Work to be completed: The line containing "近日,在江苏无锡召开的TÜV" marks the end; write out exactly every line from the start of the data up to and including it, without the pictures.

Given records:

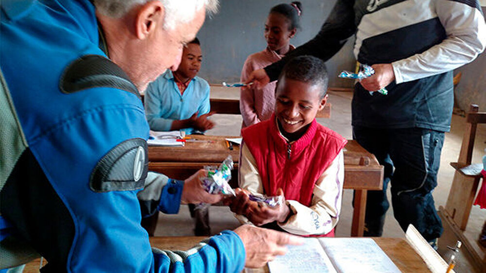 Bei der Aktion „Back to School“ wiederum werden zum Schuljahresbeginn Ranzen mit den benötigten Heften und Stiften ausgerüstet und mit kleinen Extras wie Spielzeug, Zahnbürste und Zahnpasta bestückt. Rund um den Globus unterwegs ist außerdem ein Team von Dentalhygienikerinnen, das unter anderem Waisenhäuser besucht. Die Kinder erhalten eine kostenlose Professionelle Zahnreinigung inklusive Fluoridierung und Versiegelung und werden in der Zahnpflege unterrichtet.
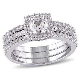 Julianna B 10K White Gold Created White Sapphire and Diamond Ring
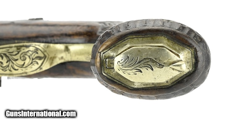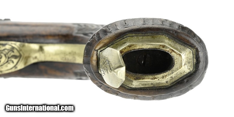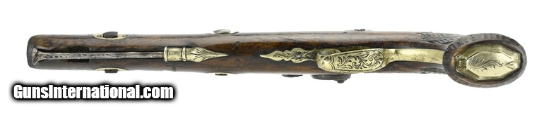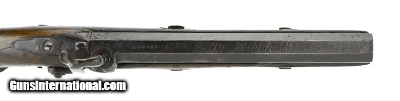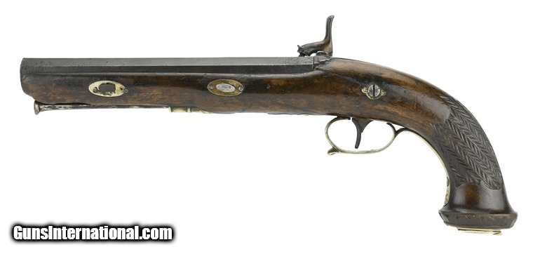 Description: Spanish Percussion Pistol. Marked J.M. Happholdt. This is a Spanish percussion pistol with a back-action lock marked J.M. Happholdt. Happholdt was a quality maker from South Carolina who made guns from the 1830s-1860s. This gun is spuriously marked “J.M. Happholdt”. This gun is in .70 caliber with a 8 ½” barrel. Metal has a dark brown almost black platina. Butt has a cap trap. SOLD Antique: Yes |
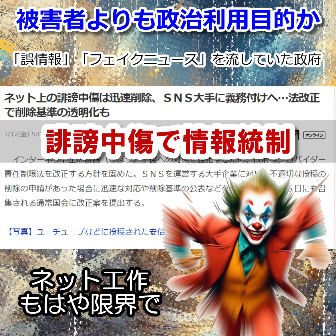 中傷被害者を利用して情報統制を狙うか。
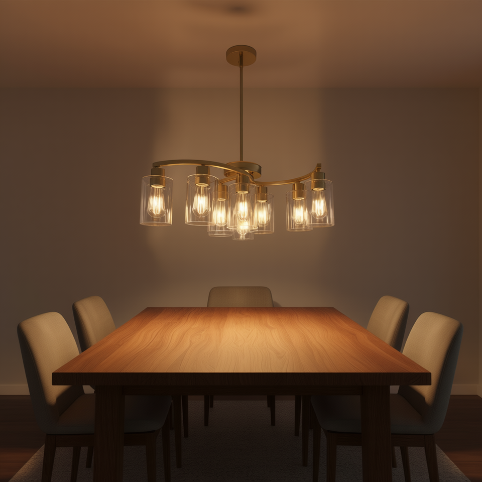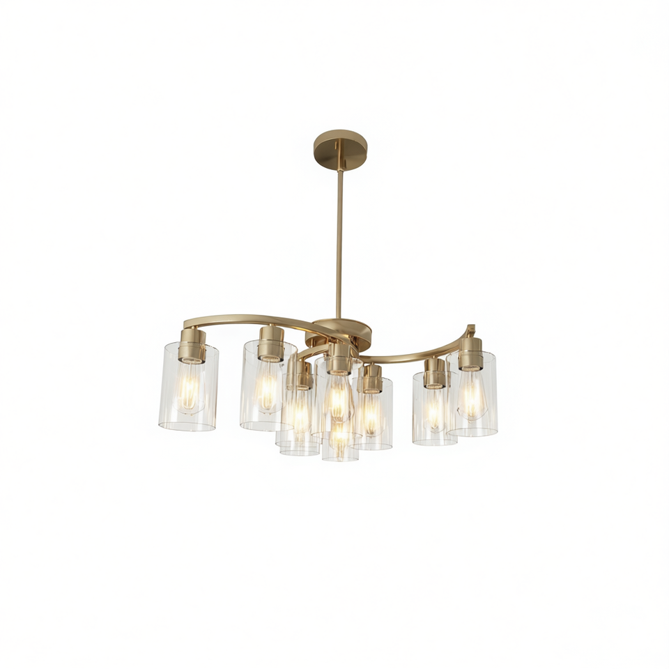 Lampadario Contemporaneo in Vetro Dorato a 9 Luci, Altezza Regolabile per Sala da Pranzo e Isola Cucina, Paralume Cilindrico Trasparente, LED E26
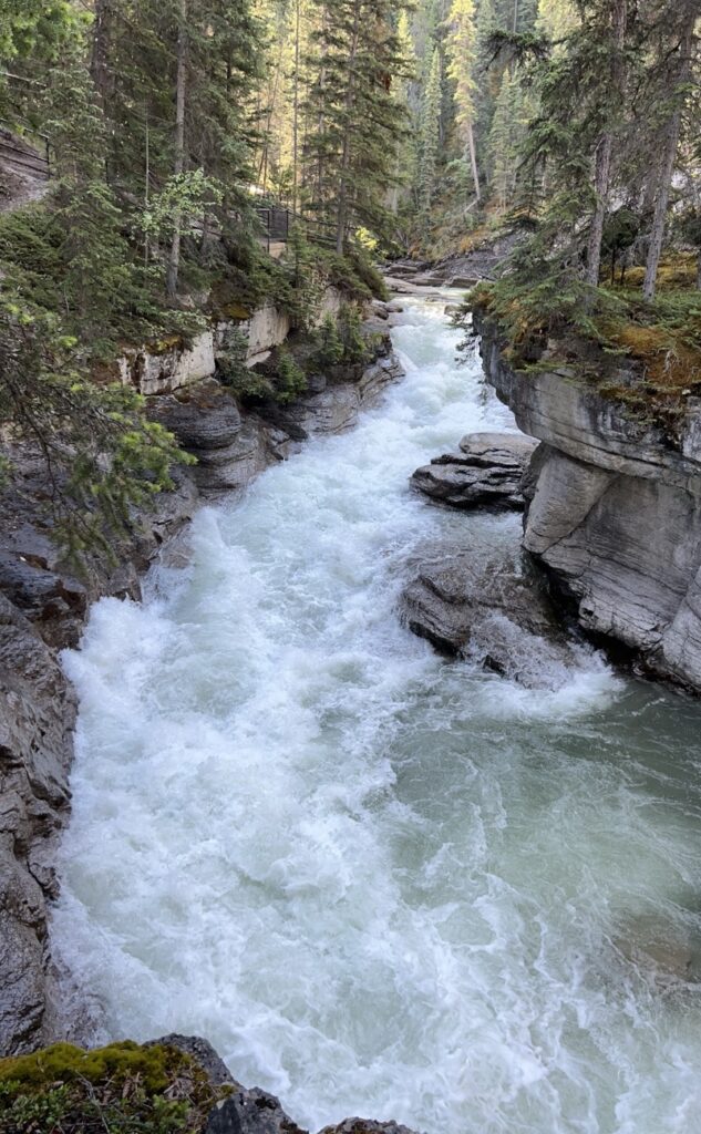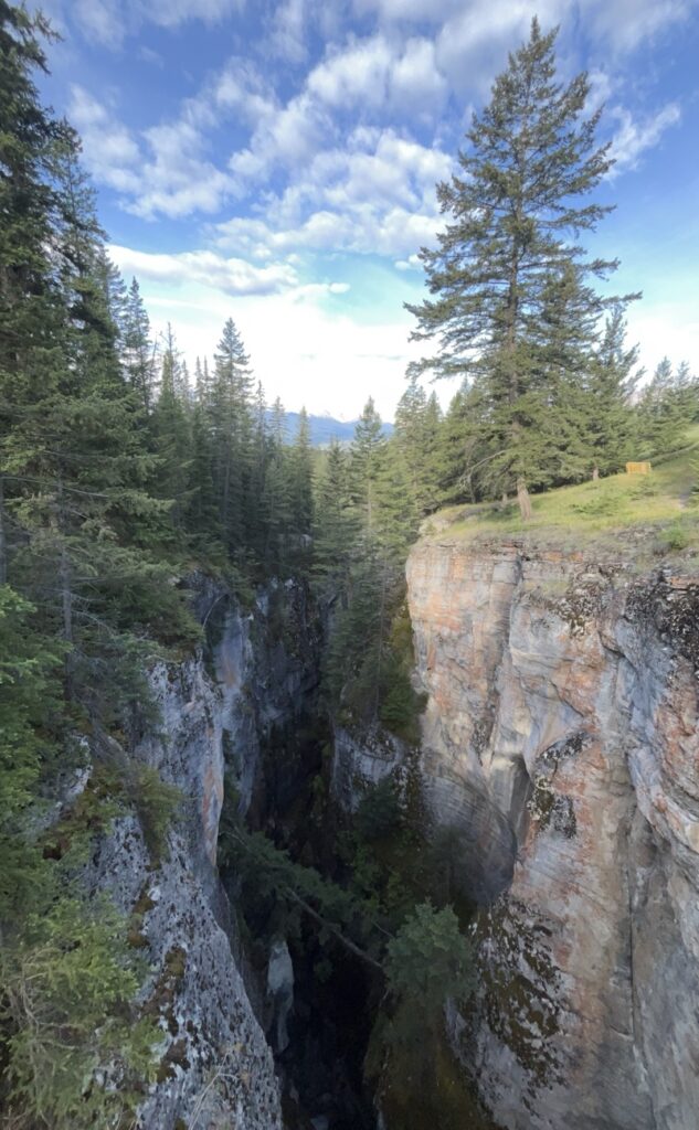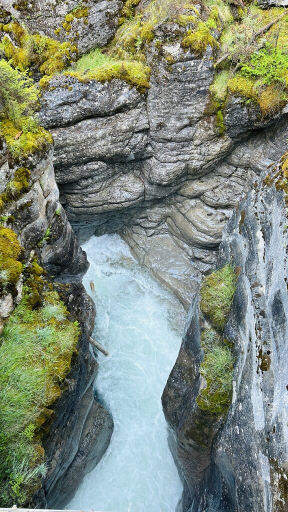 The Maligne Canyon hike is divided by seven bridges. Many people stop after bridge two or three making it a short hike. But we wanted to walk all the way down this stunning canyon. You can return via a path through the woods but we decided not to complete the loop. Instead we doubled back and came up the same way.
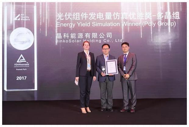 近日,在江苏无锡召开的TÜV莱茵“质胜中国”光伏盛典上,晶科能源凭借出色的发电性能与领先业内的品质标准成功荣膺多晶组发电量仿真优胜奖,位列第一名。
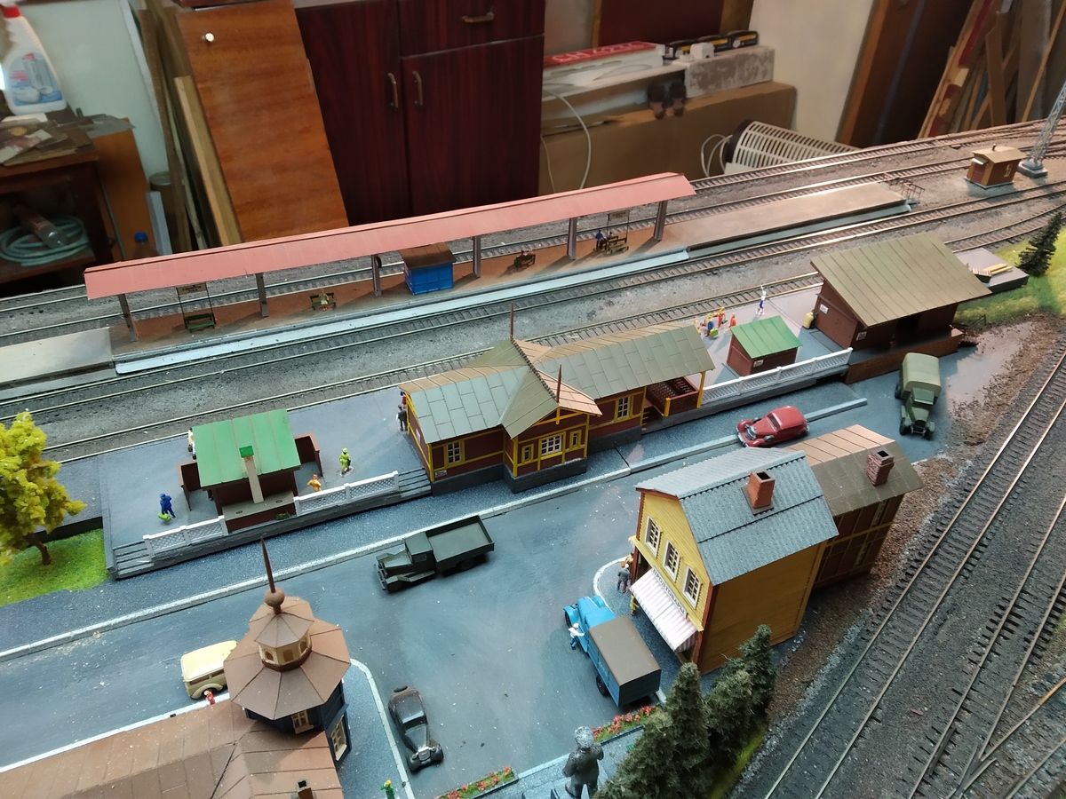На данный момент не сделаны только дымоходы. Все остальные работы в картоне завершены. Сделано остекление окон, двери и крыльцо главного входа, некие детали на крыше. Только-что установлено ограждение перрона, которое будет иметь продолжение на перрон справа, но сегодня отчёт именно о вокзале и о картоне.
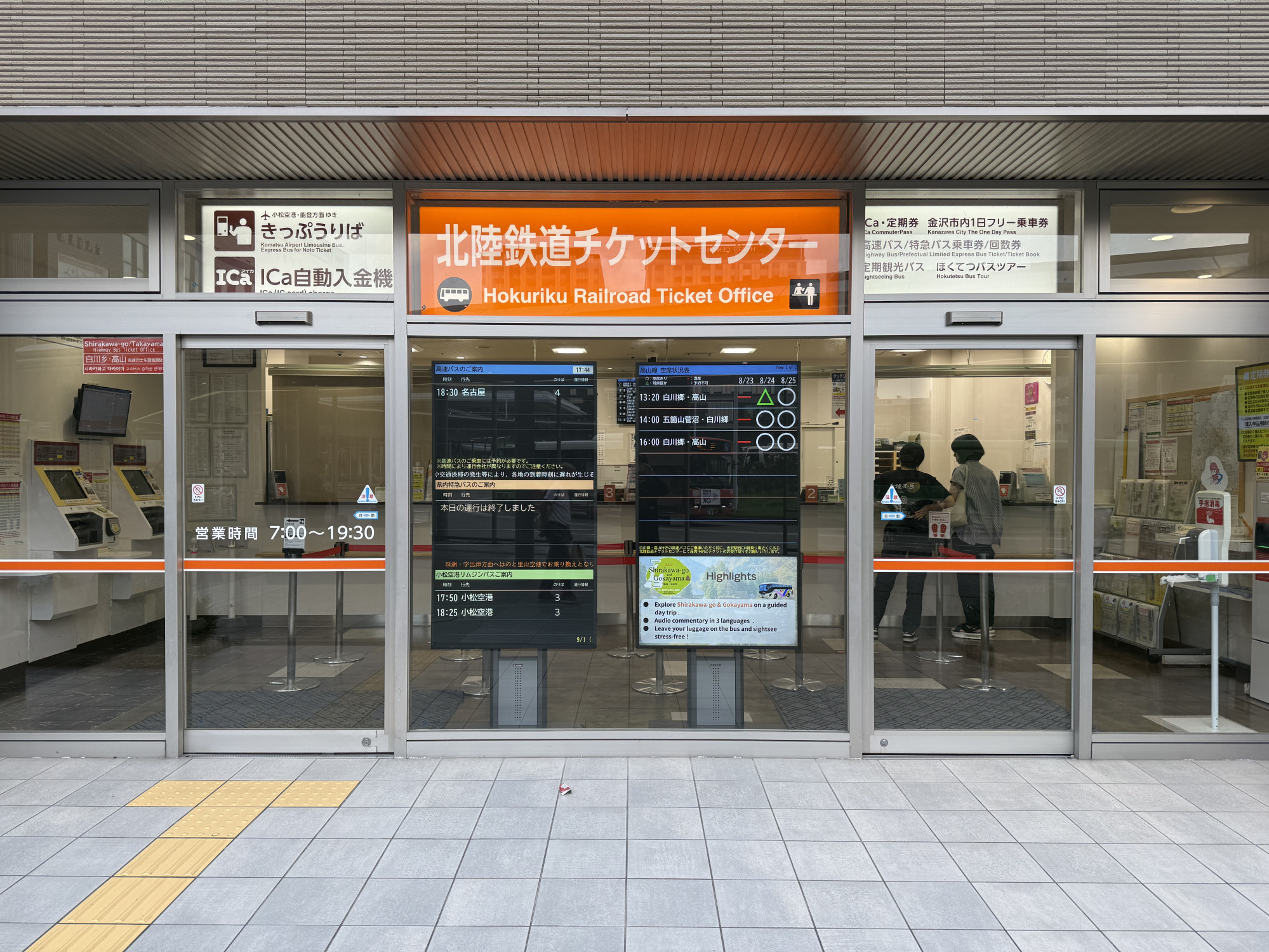 出発前に北陸鉄道チケットセンターでフリー乗車券を購入し、旅のスタートに備えましょう。
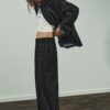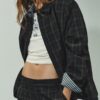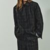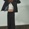 Blazer with a lapel collar, long sleeves and shoulder pads. Featuring front flap pockets. Inside lining. Front fastening with hidden buttons by a placket.
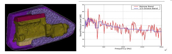 (1)高效率的聲輻射和聲傳播模擬軟件ACTRAN Acoustics,包含了許多排他性聲學模擬能力,既可以模擬簡單的部件,也可以模擬復雜的系統,具有模擬振動結構聲輻射、進氣和排氣噪聲、噪聲傳播特性和吸收、在非均質、具有溫度梯度等復雜流體介質中的聲傳播等功能。

Result below:
 Bei der Aktion „Back to School“ wiederum werden zum Schuljahresbeginn Ranzen mit den benötigten Heften und Stiften ausgerüstet und mit kleinen Extras wie Spielzeug, Zahnbürste und Zahnpasta bestückt. Rund um den Globus unterwegs ist außerdem ein Team von Dentalhygienikerinnen, das unter anderem Waisenhäuser besucht. Die Kinder erhalten eine kostenlose Professionelle Zahnreinigung inklusive Fluoridierung und Versiegelung und werden in der Zahnpflege unterrichtet.
 Julianna B 10K White Gold Created White Sapphire and Diamond Ring
 Description: Spanish Percussion Pistol. Marked J.M. Happholdt. This is a Spanish percussion pistol with a back-action lock marked J.M. Happholdt. Happholdt was a quality maker from South Carolina who made guns from the 1830s-1860s. This gun is spuriously marked “J.M. Happholdt”. This gun is in .70 caliber with a 8 ½” barrel. Metal has a dark brown almost black platina. Butt has a cap trap. SOLD Antique: Yes |
 中傷被害者を利用して情報統制を狙うか。
 Lampadario Contemporaneo in Vetro Dorato a 9 Luci, Altezza Regolabile per Sala da Pranzo e Isola Cucina, Paralume Cilindrico Trasparente, LED E26
 The Maligne Canyon hike is divided by seven bridges. Many people stop after bridge two or three making it a short hike. But we wanted to walk all the way down this stunning canyon. You can return via a path through the woods but we decided not to complete the loop. Instead we doubled back and came up the same way.
 近日,在江苏无锡召开的TÜV莱茵“质胜中国”光伏盛典上,晶科能源凭借出色的发电性能与领先业内的品质标准成功荣膺多晶组发电量仿真优胜奖,位列第一名。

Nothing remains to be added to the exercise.